Everything seems effortless here, luxurious in the most tasteful sense. There’s a ratio of four members of staff to each guest, and they consistently amaze us with their finely honed ability to make every situation feel easy, comfortable and welcoming. Every interaction we had was slick and every course presented with perfect timing, though by the sixth we were running seriously low of superlatives to respond with when asked whether the dish was ‘to our tastes.’
When visiting Le Manoir, it’s crucial to leave enough time to explore the gardens, of which we were given an inspiring tour with the head gardener, Anne Marie Owens. More than just a restaurant and hotel, Le Manoir is a national institution thanks to its horticultural work – recently collaborating with the world-famous Kew Gardens, which apparently has been a real career highlight for Raymond. Fighting for a revival in public interest in gardening, the gardens here strive to build up enthusiasm and reclaim horticultural knowledge lost during both world wars, when many skilled gardeners went to war and never returned, and the onslaught of mass agricultural one-cropping, to produce quantity over variety.
As we’re all too aware, our culture is experiencing an increasing detachment from nature and Raymond, Anne Marie, and their team are working hard to combat this. Among other projects, Le Manoir Aux Quat’Saisons’ Adopt A School policy invites children from local schools to take part in gardening and cookery workshops.
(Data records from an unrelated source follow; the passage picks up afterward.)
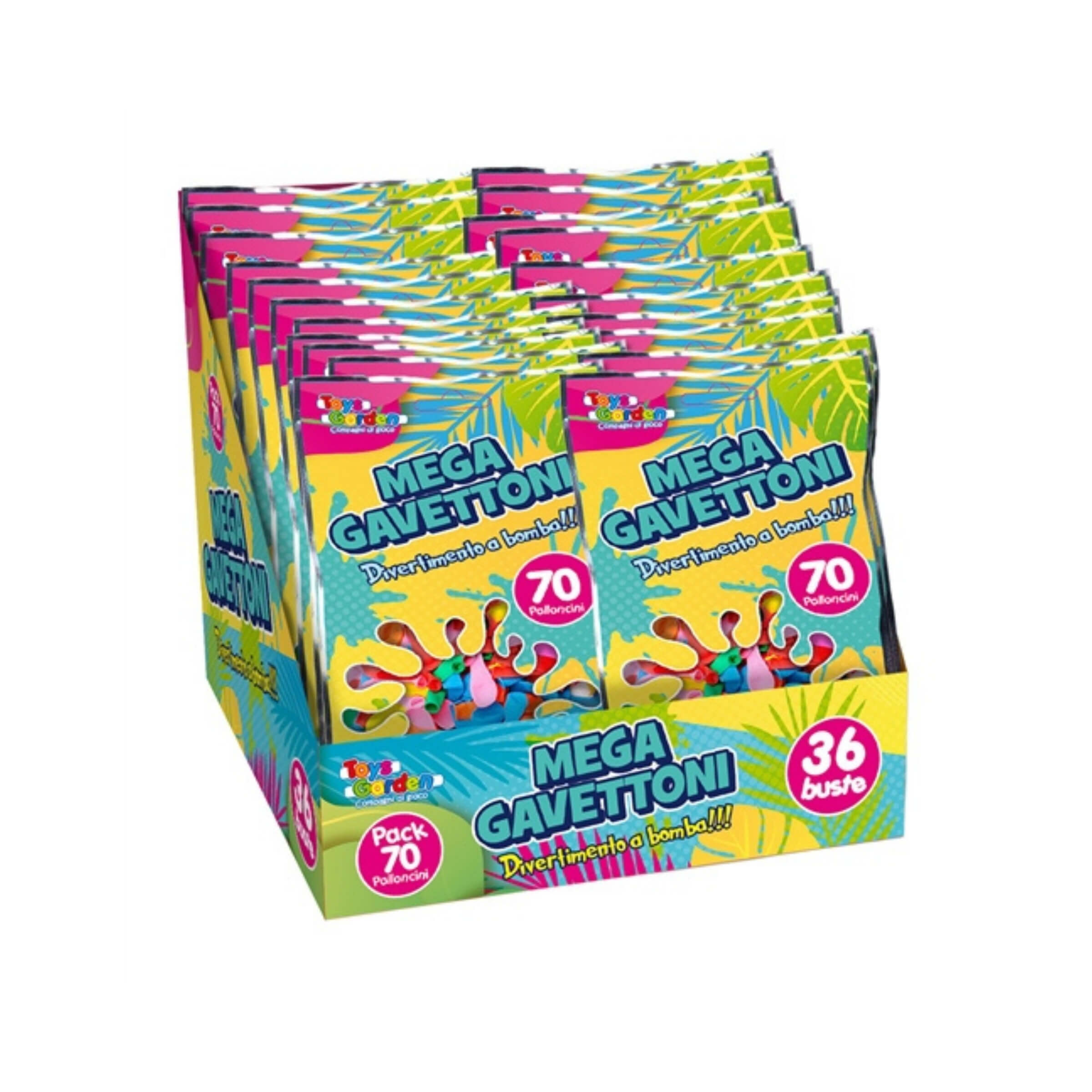 Le giornate calde trovano il loro sfogo perfetto nei giochi d’acqua all’aperto, e i gavettoni rimangono un classico intramontabile per divertirsi tra amici o in famiglia. Questo display da 36 buste Mega Gavettoni è pensato per offrire un'esperienza di gioco semplice, immediata e travolgente. Ogni busta contiene ben 70 palloncini colorati per bombe d'acqua, ideali per creare battaglie acquatiche memorabili durante feste, picnic o pomeriggi estivi in giardino.• 70 palloncini per busta: Ogni confezione include 70 mini palloncini colorati, progettati per il riempimento con acqua e pronti all’uso in pochi secondi.• Adattatore incluso: All’interno di ogni busta è presente un pratico adattatore da rubinetto che consente di riempire facilmente i palloncini senza bisogno di accessori aggiuntivi.• Annodaballo semplificato: La confezione include anche uno strumento per facilitare la chiusura dei palloncini, rendendo il gioco adatto anche ai più piccoli.• Colori assortiti: I palloncini sono disponibili in una vivace gamma di colori misti, perfetti per creare un effetto visivo coinvolgente durante il gioco.• Espositore da 36 buste: Il prodotto è confezionato in un pratico display da banco con 36 buste singole, ideale per punti vendita, eventi estivi o feste con molti partecipanti.Con il set Mega Gavettoni ogni momento diventa un’occasione per rinfrescarsi e ridere insieme, grazie a un’attività semplice e sempre amata. L’estate si accende di colore, movimento e leggerezza con un gioco che stimola socialità, riflessi e spensieratezza.
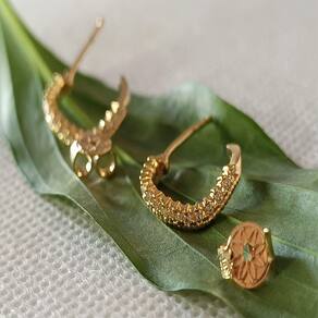ESPECIFICAÇÕES DO PAR DE BRINCOS MEIA ARGOLA CRAVEJADO ZIRCÔNIA FOLHEADO RONNELLY:
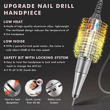 Electric Nail Drill Machine 30000rpm - Ejiubas Professional Nail Drill High Speed Low Vibration Low Heat Electric Efile Drill for Shaping Buffing Removing Acrylic Nails Grinder Manicure Pedicure
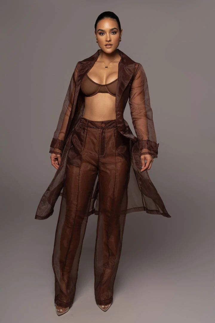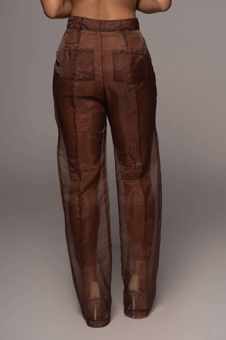 EXCLUSIVELY DESIGNED BY US FOR YOU. Achieve a look that’s iconic in our new CHOCOLATE LIVY ORGANZA PANTS. Designed in a see through organza fabric, this pair of wide leg trousers come with a front button/zipper closure, two functional side pockets, two back welt pockets, and vertical line detailing down the center front/back to finish the look. Pair with the JEANNA COAT and JONI BRALETTE for the full look. No stretch.
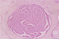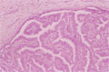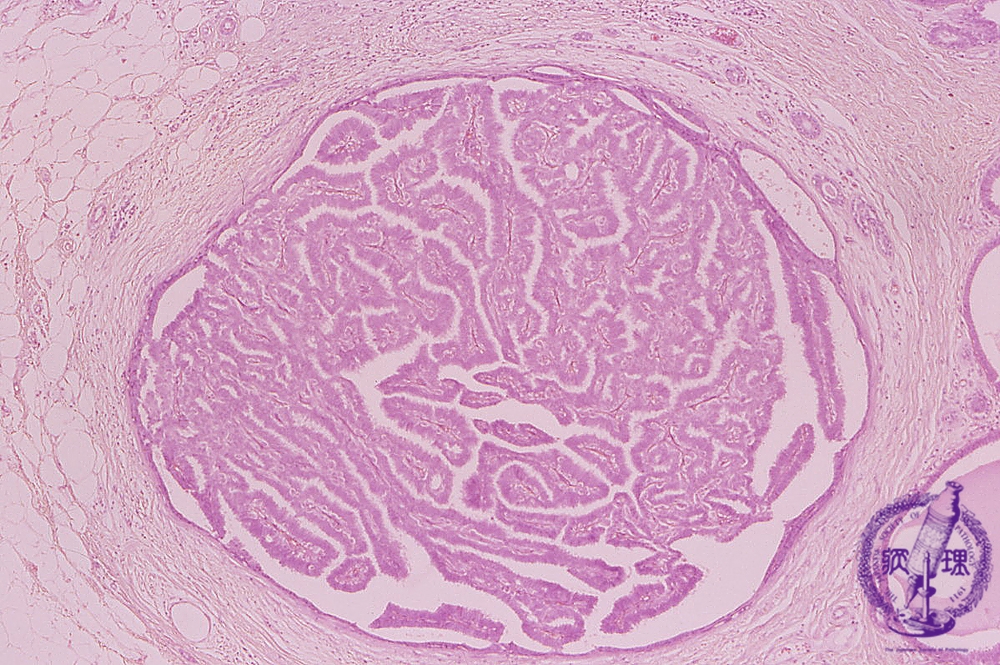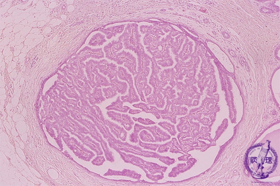 Microscopic image(HE stain, low power view):In mammmary ducts, tumor epithelium forms a projected papillary structure with fibrous core.
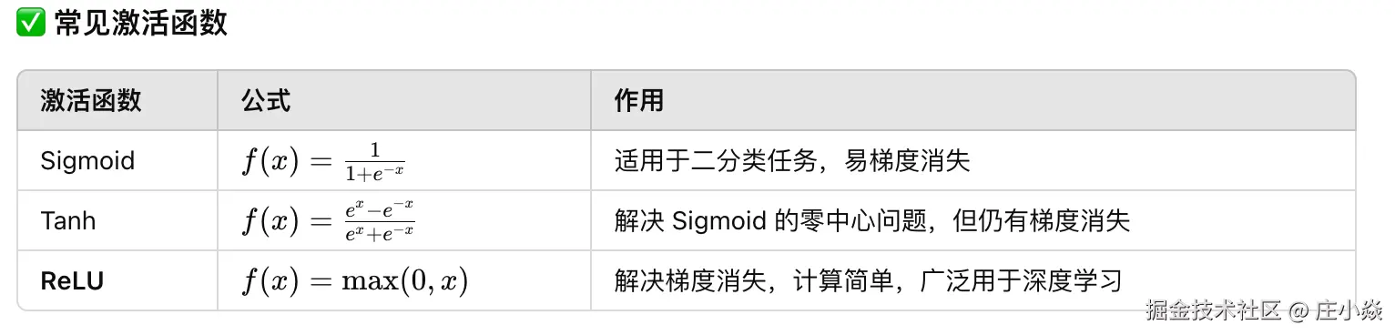 - 非线性激活函数 让网络能学习复杂映射关系。
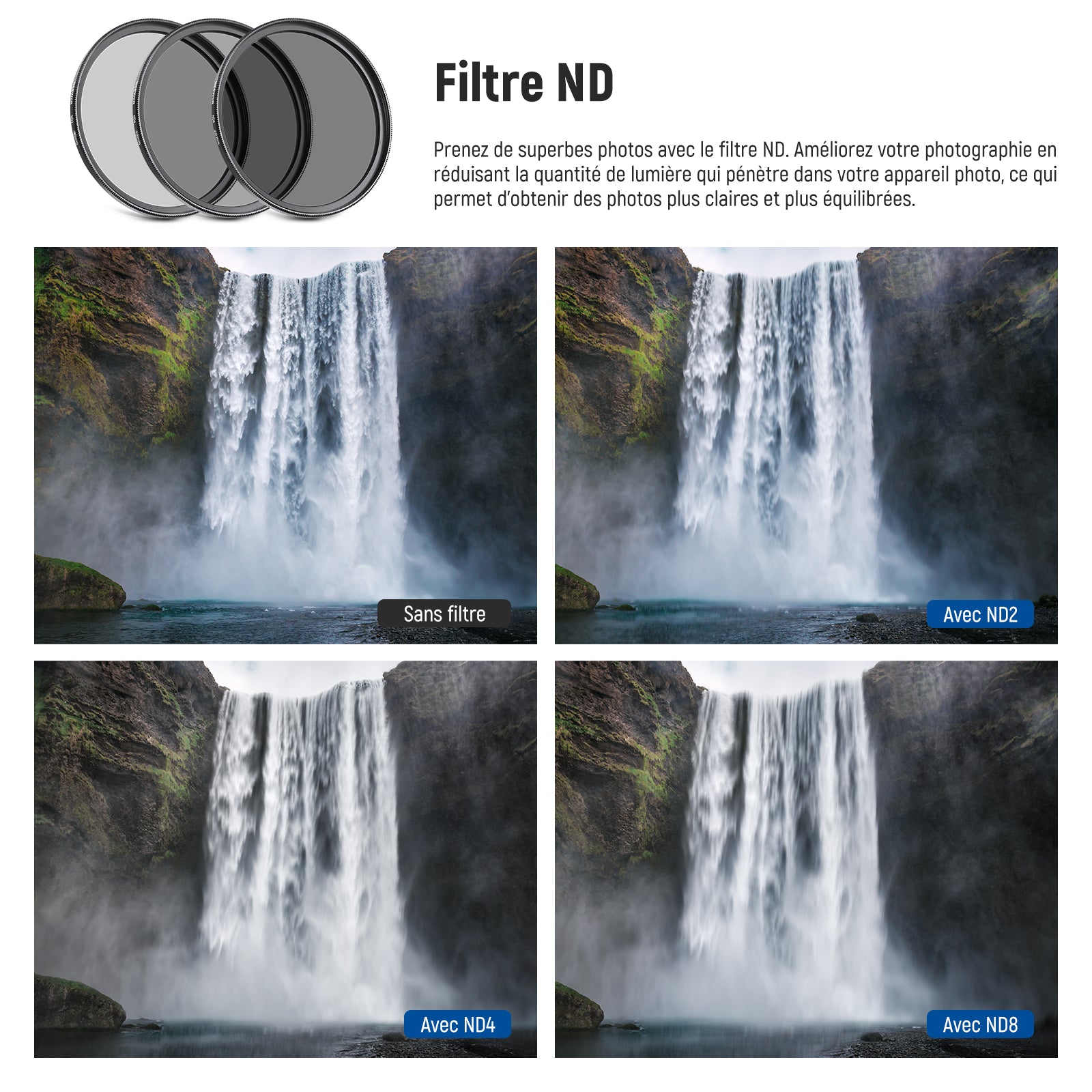 • Exposition équilibrée avec filtres ND : les filtres à densité neutre réduisent la quantité de lumière entrant dans le capteur de l'appareil photo de différents degrés, ND2 de 1 arrêt, ND4 de 2 arrêts, et ND8 de 7 arrêts, pour obtenir une exposition équilibrée sur les images dans différentes conditions de lumière. Ces filtres ND permettent également des prises de vue à longue exposition en ralentissant la vitesse d'obturation

Anne Marie has been working at Le Manoir since the very beginning and knows the gardens down to the minutest detail, including where all the frost pockets are. The gardens work hard to grow a variety of genus and to experiment – this year, they are only growing black tomatoes and their love of ‘heritage seeds’ is an attempt to preserve important species for future generations. They’re also investing in the future by growing exciting plants such as Stevia rebaudiana, from whose leaves a natural sweetener can be extracted that has been used by the Aztecs for 3,000 years and has the potential to solve the diabetes epidemic as well as become a billion dollar industry.
Working for Raymond does sound like it’s sometimes quite a challenge, thanks to his tendency to dream up ambitious projects – apparently he returned from a trip to Japan determined to create the Japanese Garden at Le Manoir (incredibly, it was completed in four months) – and the orchard, borne out of his fascination with apples, has been seven years in the making and still has a little way to go. But his curiosity, joy and intelligence seems infectious, flowing down through all the staff; in Anne Marie’s words, ‘who comes into work in the morning and has to try Tarte Tatin?’ Taste tests are a regular part of the daily routine here, and the apples, for instance, will be cooked in five different ways and then judged according to their performance in terms of texture, taste, appearance – no stone is left unturned.
Needless to say, there isn’t enough produce from the gardens to cater for all of the kitchen’s needs – it feels like the gardens are partly a labour of love for Raymond while also an important contribution to the gastronomic experience. And certainly even more valuable in terms of restoring the world’s love of gardening.
Long may Raymond Blanc’s culinary adventures and his search for perfection continue.